§ **PROBLEM DETAILS**:
What you return must match the data below exactly, minus any pictures.

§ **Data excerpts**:

◇ ◇ ◇ ◇

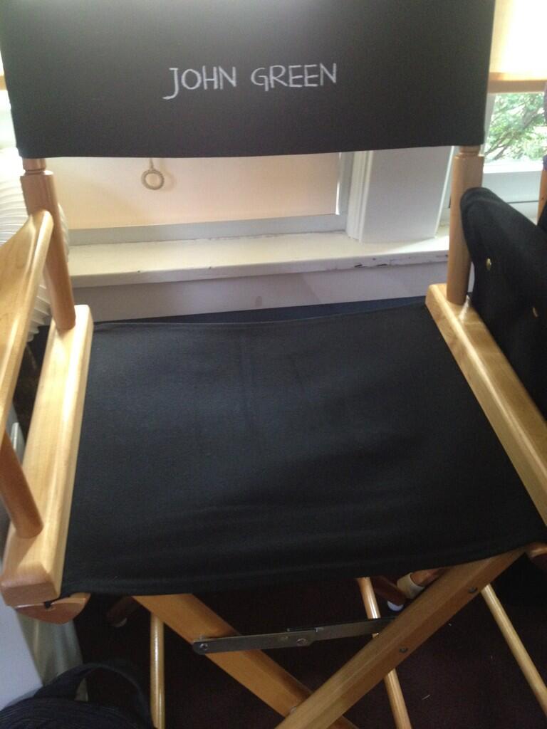 Day One of The Fault in Our Stars shooting has wrapped and author John Green, on set for the first week of filming is having an amazing time. He's tweeting pictures of his own 'director's chair' emblazoned with his name and sharing that he had a good cry with "Shai" and Laura Dern.
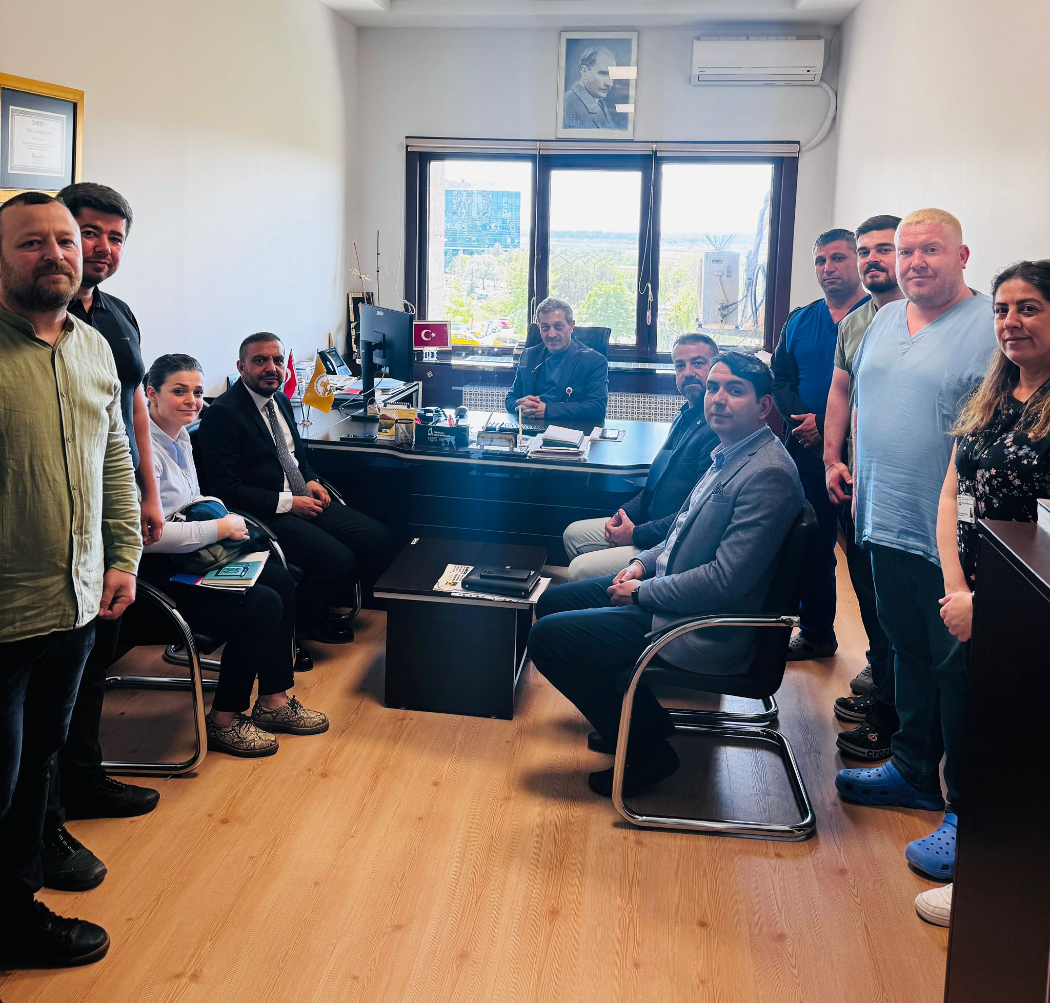 İl Sağlık Müdürü Uzm.Dr.Mustafa İsak Yıldırım ve Kalite ve Destek Hizmetler Başkan Yardımcısı Mustafa Kesler’i de ziyaret eden Genel Başkan Yardımcımız sağlık işçisi üyelerimizin çalışma koşullarına ilişkin bilgi alışverişinde bulundu.
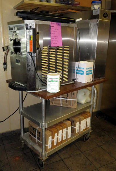 main machine 22"x30"x28"; Flavor burst is 10"x24"x32"mdl.430-12; works great, Jack fed the Girard auction crew several shakes during the cataloging process! Includes several boxes of flavors; comes all as one shot with the cart and all! New compressor 2 years ago
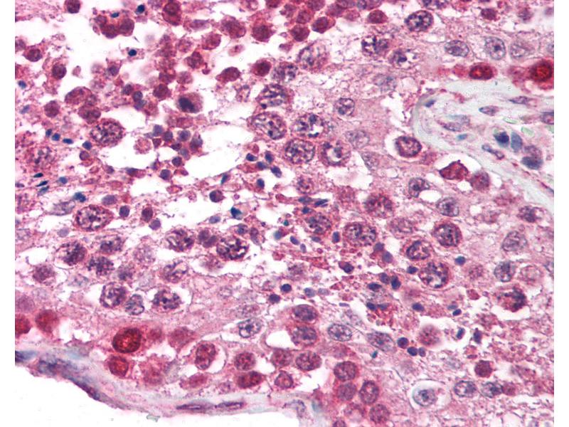 Usage: Immunohistochemistry: This antibody was validated for use in immunohistochemistry on a panel of 21 formalin-fixed, paraffin-embedded (FFPE) human tissues after heat induced antigen retrieval in pH 6.0 citrate buffer. After incubation with the primary antibody, slides were incubated with biotinylated secondary antibody, followed by alkaline phosphatase-streptavidin and chromogen. The stained slides were evaluated by a pathologist to confirm staining specificity. The optimal working concentration for this antibody was determined to be 2.5 μg/mL. -
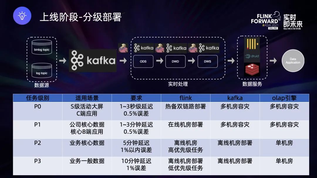 P0 任务是活动大屏,C 端应用对于 SLA 的要求是秒级延迟以及 0.5% 内误差,但是整体保障时间比较短,一般活动周期都在 20 天左右,除夕类活动 1~2 天内完成。我们应对延迟的方案是针对于 Kafka 和 OLAP 引擎都进行了多机房容灾,针对于 Flink 做了热备双机房部署。针对 P1 级别的任务,我们对 Kafka 和 OLAP 引擎进行双机房部署,一方面双机房部署可以做容灾逃生,另一方面在线机房的配置比较好,很少出现机器故障导致作业重启的情况。针对 P2 和 P3 级别的任务,我们在离线机房部署,如果存在一些资源空缺的情况,会先停止 P3 任务,腾挪资源给其他任务使用。
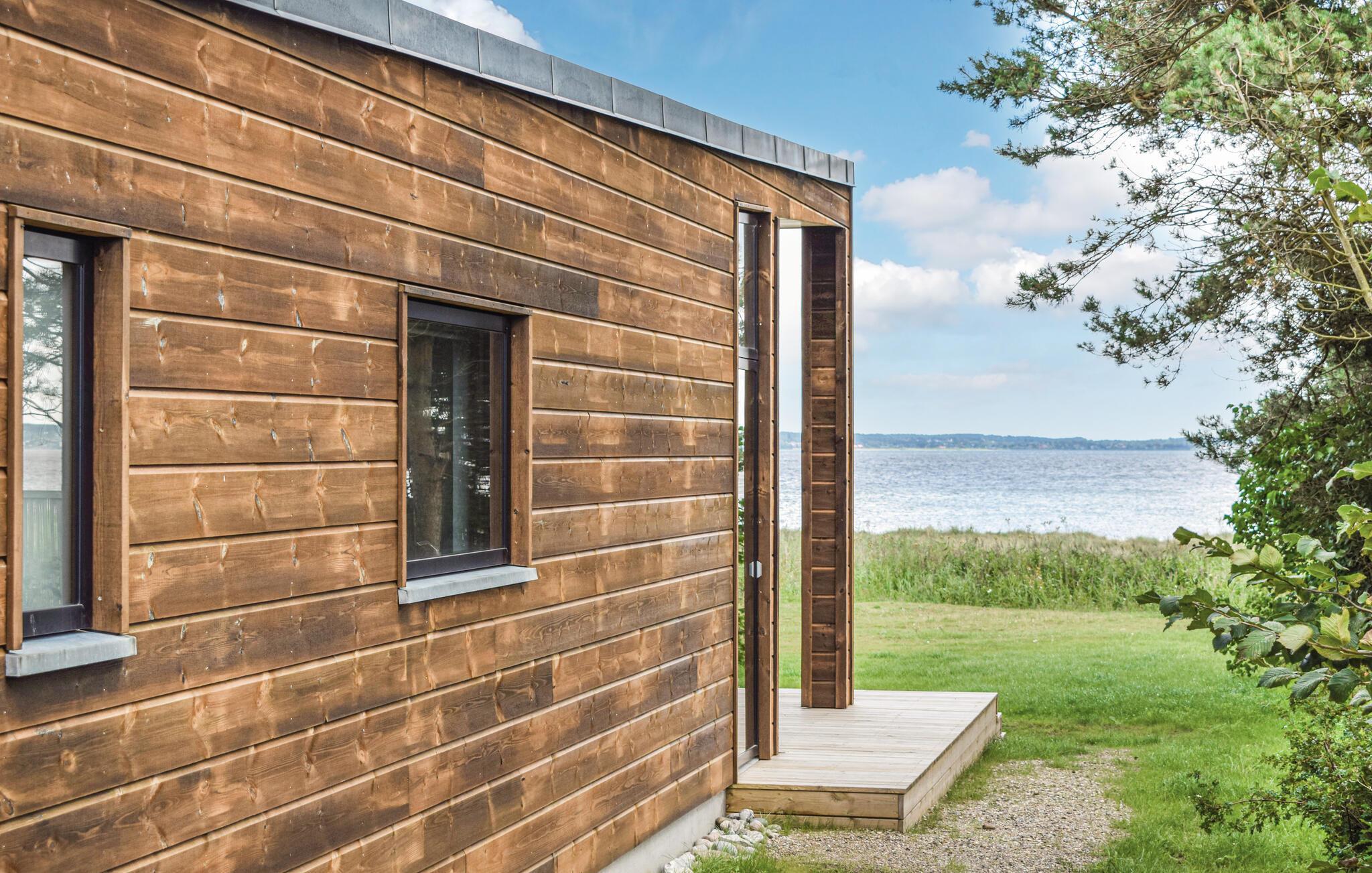 Nyt sommerhus med panoramaudsigt, strandgrund og plads til to familier ved Ebeltoft Vig.

◇ ◇ ◇ ◇

§ **EXERCISE OUTPUT**:
 Day One of The Fault in Our Stars shooting has wrapped and author John Green, on set for the first week of filming is having an amazing time. He's tweeting pictures of his own 'director's chair' emblazoned with his name and sharing that he had a good cry with "Shai" and Laura Dern.
 İl Sağlık Müdürü Uzm.Dr.Mustafa İsak Yıldırım ve Kalite ve Destek Hizmetler Başkan Yardımcısı Mustafa Kesler’i de ziyaret eden Genel Başkan Yardımcımız sağlık işçisi üyelerimizin çalışma koşullarına ilişkin bilgi alışverişinde bulundu.
 main machine 22"x30"x28"; Flavor burst is 10"x24"x32"mdl.430-12; works great, Jack fed the Girard auction crew several shakes during the cataloging process! Includes several boxes of flavors; comes all as one shot with the cart and all! New compressor 2 years ago
 Usage: Immunohistochemistry: This antibody was validated for use in immunohistochemistry on a panel of 21 formalin-fixed, paraffin-embedded (FFPE) human tissues after heat induced antigen retrieval in pH 6.0 citrate buffer. After incubation with the primary antibody, slides were incubated with biotinylated secondary antibody, followed by alkaline phosphatase-streptavidin and chromogen. The stained slides were evaluated by a pathologist to confirm staining specificity. The optimal working concentration for this antibody was determined to be 2.5 μg/mL. -
 P0 任务是活动大屏,C 端应用对于 SLA 的要求是秒级延迟以及 0.5% 内误差,但是整体保障时间比较短,一般活动周期都在 20 天左右,除夕类活动 1~2 天内完成。我们应对延迟的方案是针对于 Kafka 和 OLAP 引擎都进行了多机房容灾,针对于 Flink 做了热备双机房部署。针对 P1 级别的任务,我们对 Kafka 和 OLAP 引擎进行双机房部署,一方面双机房部署可以做容灾逃生,另一方面在线机房的配置比较好,很少出现机器故障导致作业重启的情况。针对 P2 和 P3 级别的任务,我们在离线机房部署,如果存在一些资源空缺的情况,会先停止 P3 任务,腾挪资源给其他任务使用。
 Nyt sommerhus med panoramaudsigt, strandgrund og plads til to familier ved Ebeltoft Vig.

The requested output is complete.